Defining resiliency in energy and software

The word “resiliency” is all the rage right now.

The notion of resiliency is uniquely applicable in a systems context. Specifically, it is a desirable feature of any system that is made up of many moving parts that operate in a distributed, coordinated fashion.

In such systems, failure is an inevitability that must be planned for. Whether you’re talking about an electricity grid or a network of software services, the study and construction of distributed systems necessarily entail having to worry about component failure. Planning for failure and designing systems to be able to mitigate its impact is at the core of resiliency.

To study the implications of this mindset, let’s take a look at how resiliency is defined in the electricity generation, transmission, and distribution industry.

Setting the stage

Within the US energy sector, a debate is raging among industry analysts, regulators, and vendors on the degree to which renewable energy resources could wreak havoc on our electricity grid. On the one hand, proponents of the status quo of subsidized fossil fuels and centralized power generation are sowing fear that intermittent solar and wind generation will cause brownouts and systemic failures. Countering this narrative is a growing pile of research and field evidence that indicate that the distributed nature of renewables—and particularly the one-two punch of solar-plus-storage—will make the grid more resilient to systemic failures.

These terms (reliability, resiliency) are also all the rage in the software industry. In fact, if you blur your eyes a little and think abstractly about the systems involved, recent trends in software architecture look strikingly similar to those in the renewable and distributed energy resource space.

Fig. 1. Centralized vs distributed architectures of power and data generation, transmission, storage, and consumption.

The last couple of decades saw similar arcs in the trajectories of SaaS-/IoT-era software stacks and renewable energy resources. In place of relying on big, centralized resources, we’re seeing more use of distributed resources. Analogous to the onslaught of microservices and smart devices, the future of the energy grid lies in energy harvested from solar panels or demand response providers, and stored in batteries, cars, or even water heaters.

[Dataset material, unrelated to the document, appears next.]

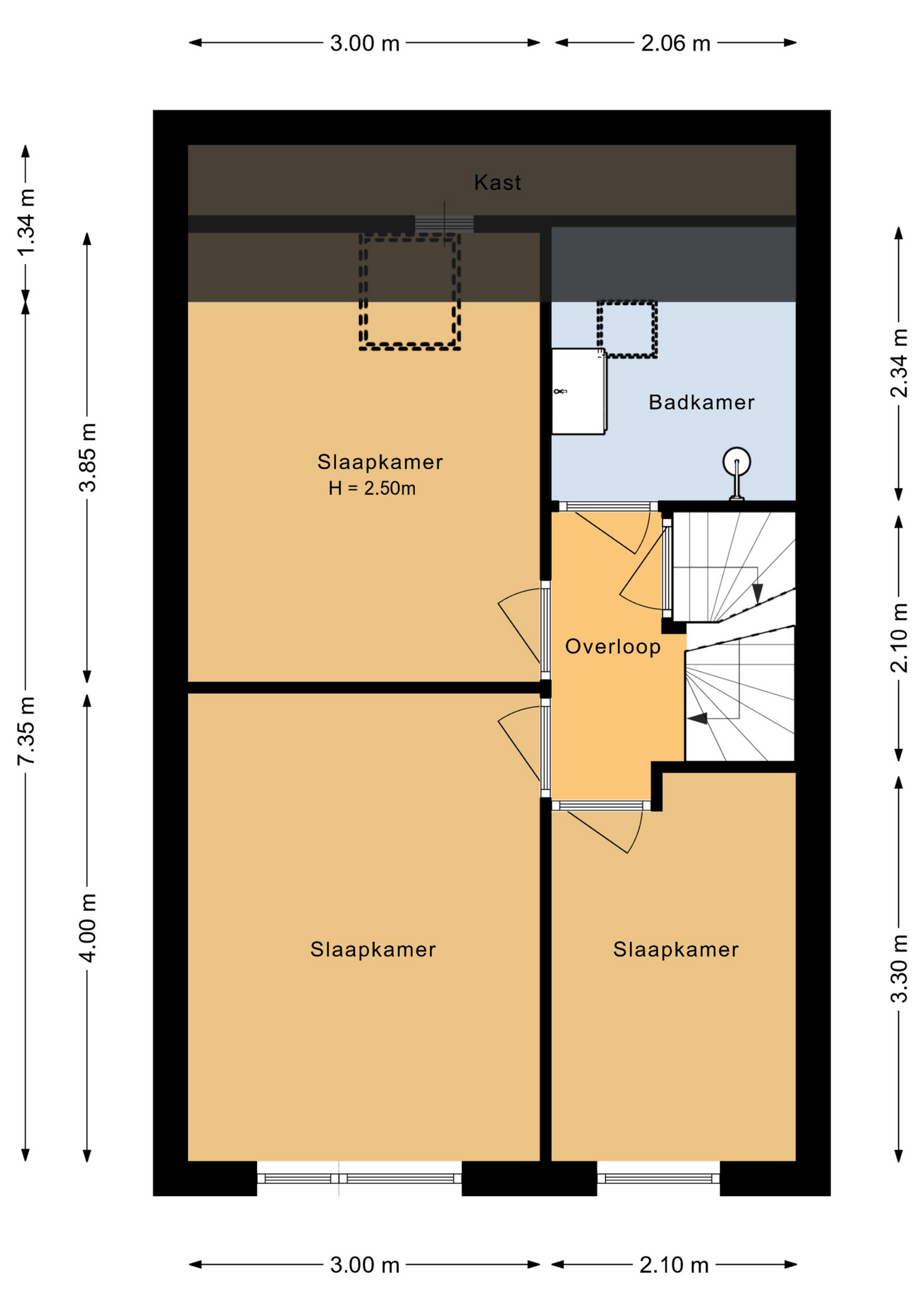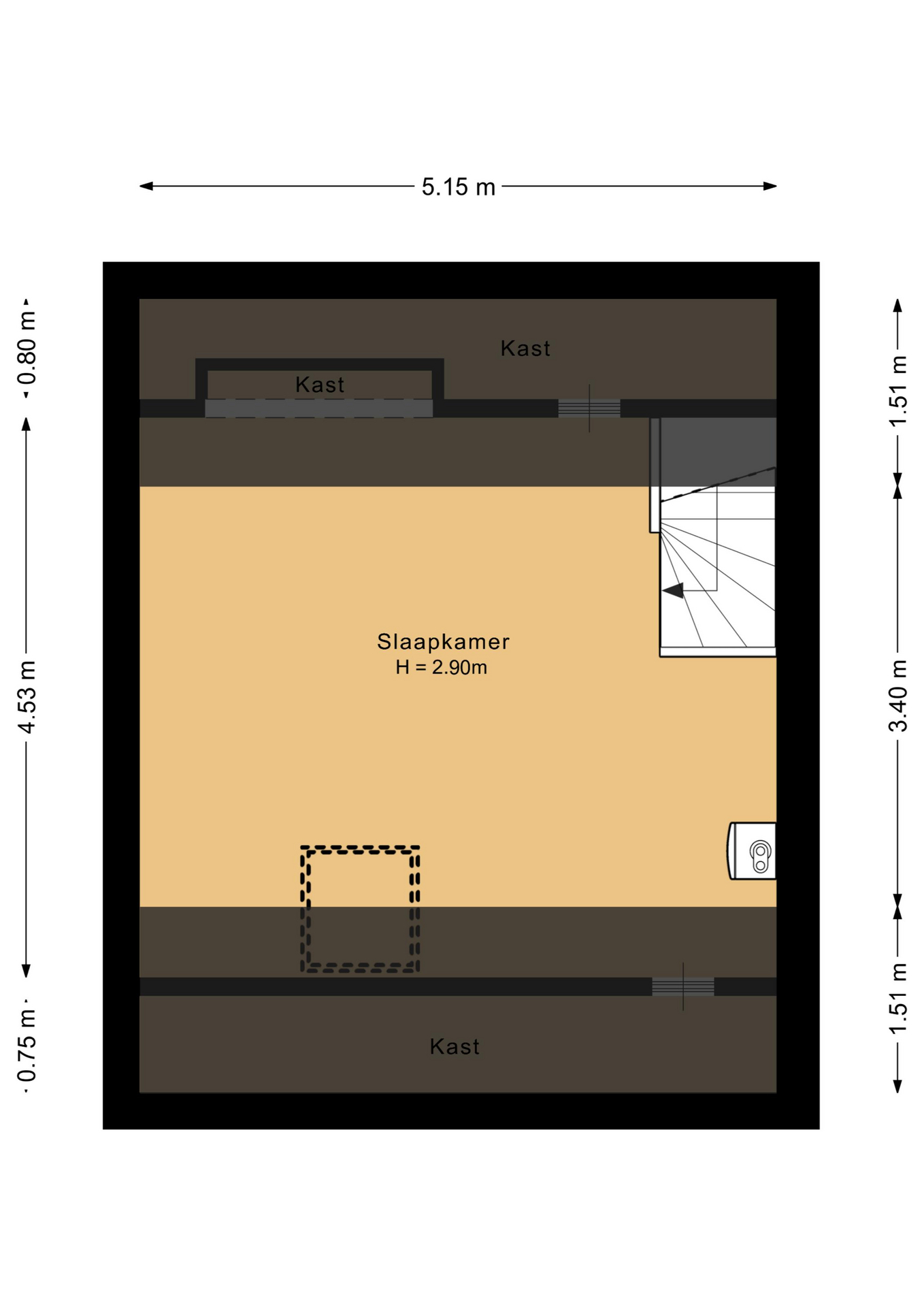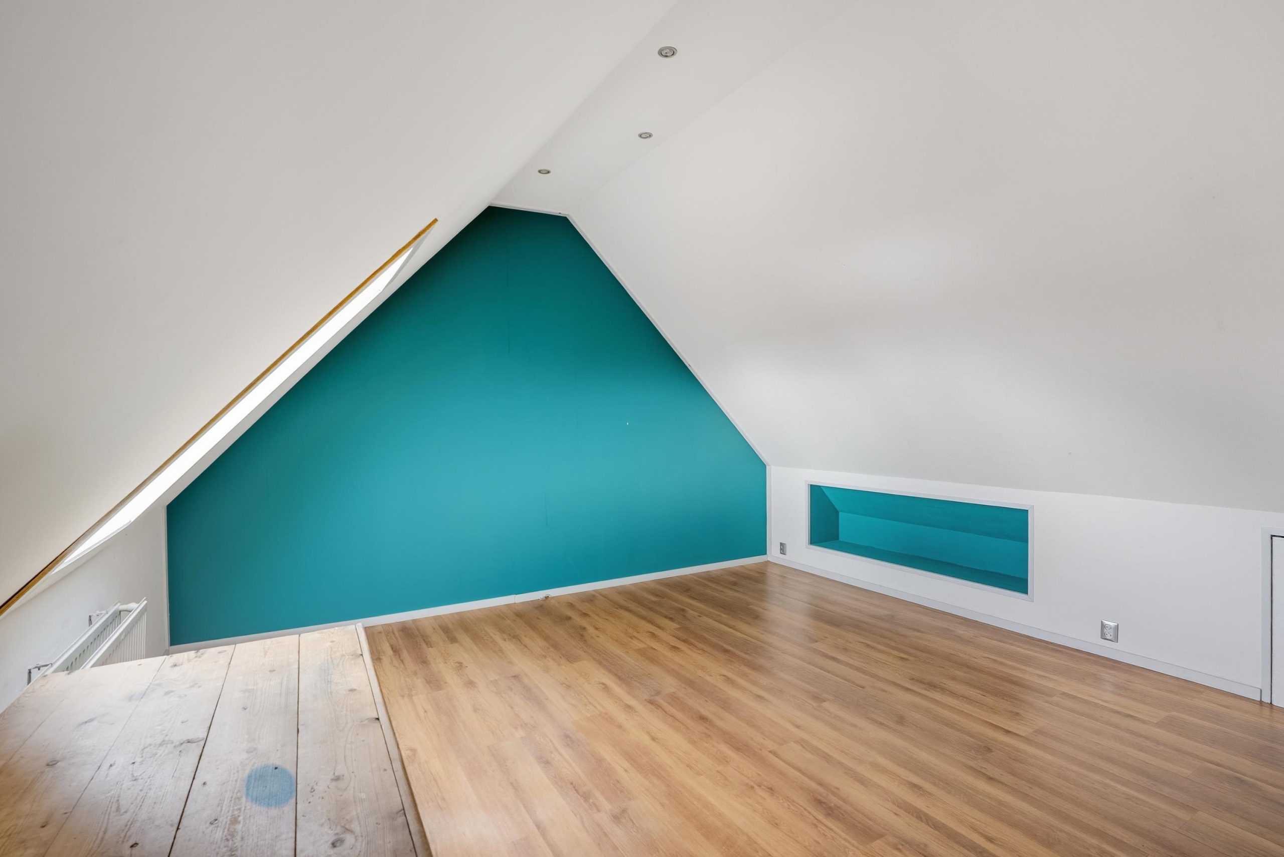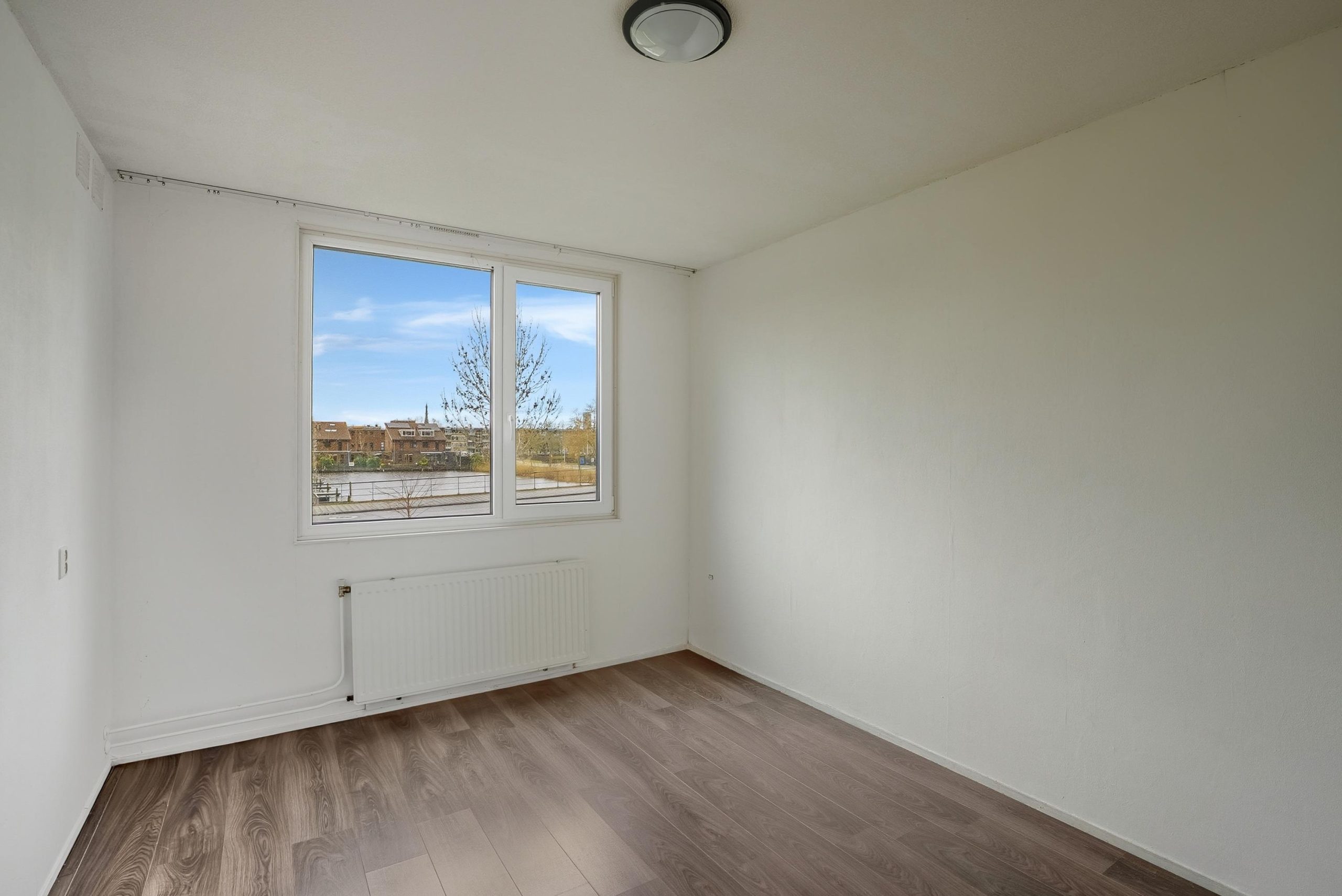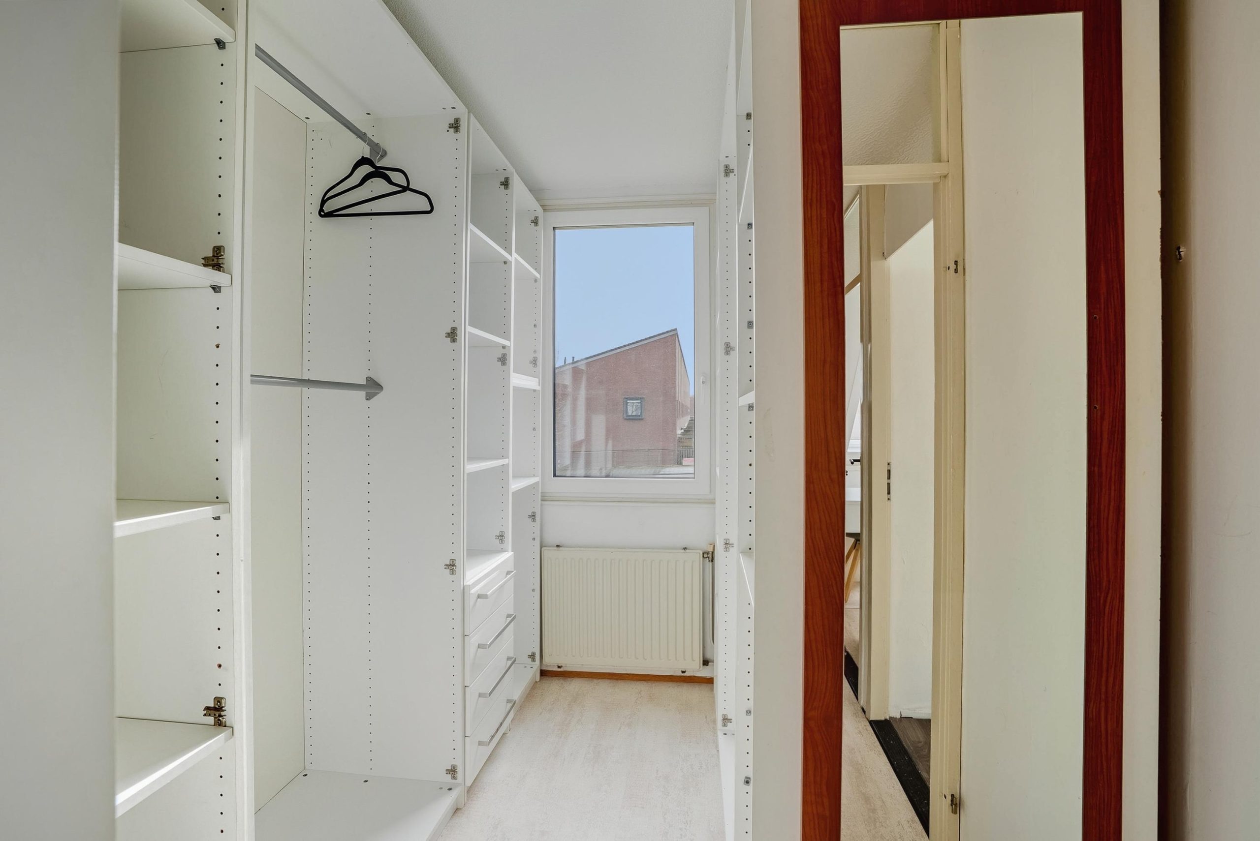 Via een vaste trap bereik je de tweede verdieping. Deze verdieping is momenteel ingericht als één ruime slaapkamer. Hier bevindt zich ook de cv-opstelling. De ruimte biedt mogelijkheden om verder in te delen, bijvoorbeeld voor een extra werkplek of bergruimte. Ook hier kan eventueel witgoed worden geplaatst.

Defining reliability and resiliency

In my experience in the software industry, “resiliency” is one of those whizbang words that’s fun to throw around, but remains generally ill-defined. Often, reliability and resiliency are used by executives to describe effort spent paying down technical debt.

What is said What is meant
"We're going to focus on reliability this quarter." "I'm getting flak from customers/investors about our app not working, so I want you to fix bugs, reduce latencies, and increase success rates, potentially at the cost of timely feature development."

By comparison, these terms are very precisely defined and measured in the electric power industry.

For the electric sector, reliability can be defined as the ability of the power system to deliver electricity in the quantity and with the quality demanded by users. (…) Reliability means that lights are always on in a consistent manner.

Aaron Clark-Ginsberg, What’s the Difference between Reliability and Resilience

In this light, reliability is binary along the time dimension—your thing either works under a given set of conditions or it doesn’t. These conditions are typically defined in a service-level agreement (SLA), which a service is charged with adhering to over time.

Fig. 2. Screenshot from Stripe’s system status dashboard, which is used to signal whether or not their systems are functioning properly.

Resilience is more complicated.

Resilience, stemming from the root resilio, meaning to leap or spring back, is concerned with the ability of a system to recover and, in some cases, transform from adversity.

Clark-Ginsberg’s report goes on to say that “resilience operates from a systems perspective, understanding incidents as a complex process occurring at the intersection of natural and human forces across multiple scales, evolving and changing over time.”

Reliability and resiliency, while related, are fundamentally different attributes. Resilience involves the gray area of partial failure, as in the case of a rolling brownout or a broken widget on an otherwise functional web page. It implies thinking of a service as a system of constituent components, with too many moving parts to be reasonably characterized using a simple “does it work or not” rubric.

We aren’t so different, you and I

With respect to the nature of renewable energy and software systems, it’s not a coincidence that both can be characterized as distributed systems or that both lend themselves towards discussions of resiliency.

In both cases, intermittent and composable resources require thinking about a service as a distributed system. Part of distributed systems theory and practice is the notion that failure is inevitable, and thus the topic of being resilient to failure is paramount.

Thanks to Oren Schetrit and Berk Demir for reading and providing feedback on drafts of this essay.